The music corpus comes from the “GTZAN Dataset - Music Genre Classification”; “the MNIST of sounds”, a collection of 10 musical genres comprising blues, classical, country, disco, hiphop, jazz, metal, pop, reggae, and rock. Each genre contains 100 audio files, each with a length of 30 seconds, sampled at 22.05 kHz. To obtain datasets by genre comparable in size to those used for speech, we retained the 95% of stimuli with the highest signal-to-noise ratio in each genre.
The corpus of environmental sounds comes from the “Making Sense of Sound” classification challenge, containing a broad range of sounds from everyday life. This corpus is originally composed of 5 categories: Nature, Human, Music, Effects and Urban, with 300 sounds in each category. We removed the Music and Human groups to focus only on environmental sounds, and analyzed the 900 remaining sounds. All samples were 5 second long, sampled at 44.1 kHz, and peak-normalized. To obtain datasets by category comparable in size to those used for speech and music, we retained the 95% of stimuli with the highest signal-to-noise ratio in each category.
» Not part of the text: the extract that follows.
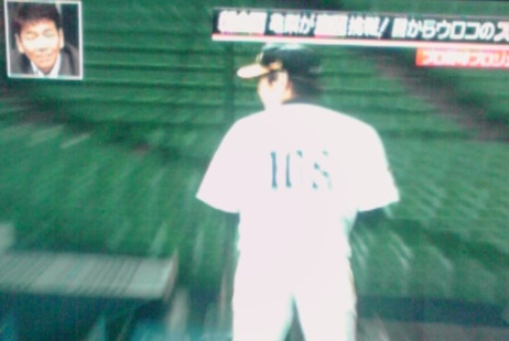 日記を更新するのも、実にひさかたぶりです。このままいくと(いかなくても)自然消滅しそうな勢いでしたが、日記を書こうという気になった、ちょっとした出来事が先週ありました。それは、こちら↓あわてて携帯の写メで撮影したので、思いっきりピンボケしていますが、ホークスの水田さんです。場面は、5月29日夜に放映された日テレの「Going! Sports&News」の番組の一コマ。「亀梨和也が走る!新企画・盗塁挑戦がスタート!パ盗塁王が目からウロコのスゴ技伝授」と題したコーナーで、ホークスの本多選手がコーチ役となり、KAT-TUNの亀梨君が盗塁の極意を学ぶという趣旨の企画でした。何気なーく見ていたら、マウンドに立っているピッチャーの背中が拡大されました。「ん?」「106」「お!」「MIZUTA」おぉー、水田さんではないですか。現役時代よりもちょっと”ふっくら”した感じです(笑)打撃投手に転向後、初めてテレビでその姿を見ました。選手時代と違って、マスコミに登場する機会がめっきり減っていただけに、うれしい一コマでした。交流戦で引き分けをはさんで10連勝と勢いに乗っているホークス。水田さんが裏方を支える一人として頑張っている姿を想像しつつ、夜のスポーツニュースを見るのが楽しい日が続いています。今日のゲームでは、今のところ阪神にちょっと押され気味ですが、終盤に盛り返してほしいですね。

The audios of each corpora were converted from multi to single channel and resampled to 16 kHz. Each file was then cut into a 3-second long segment and the power spectrum of both the acoustic amplitude envelope and the spectral flux were extracted (similarly to above, see ‘Audio features extraction’; 1-50 Hz, linear scale, 1 Hz resolution). To alleviate the effect of the 1/f trend present in the power spectrum and ease the peak detection procedure, each modulation value was multiplied by 0.85 times the square root of the frequency at which it was estimated.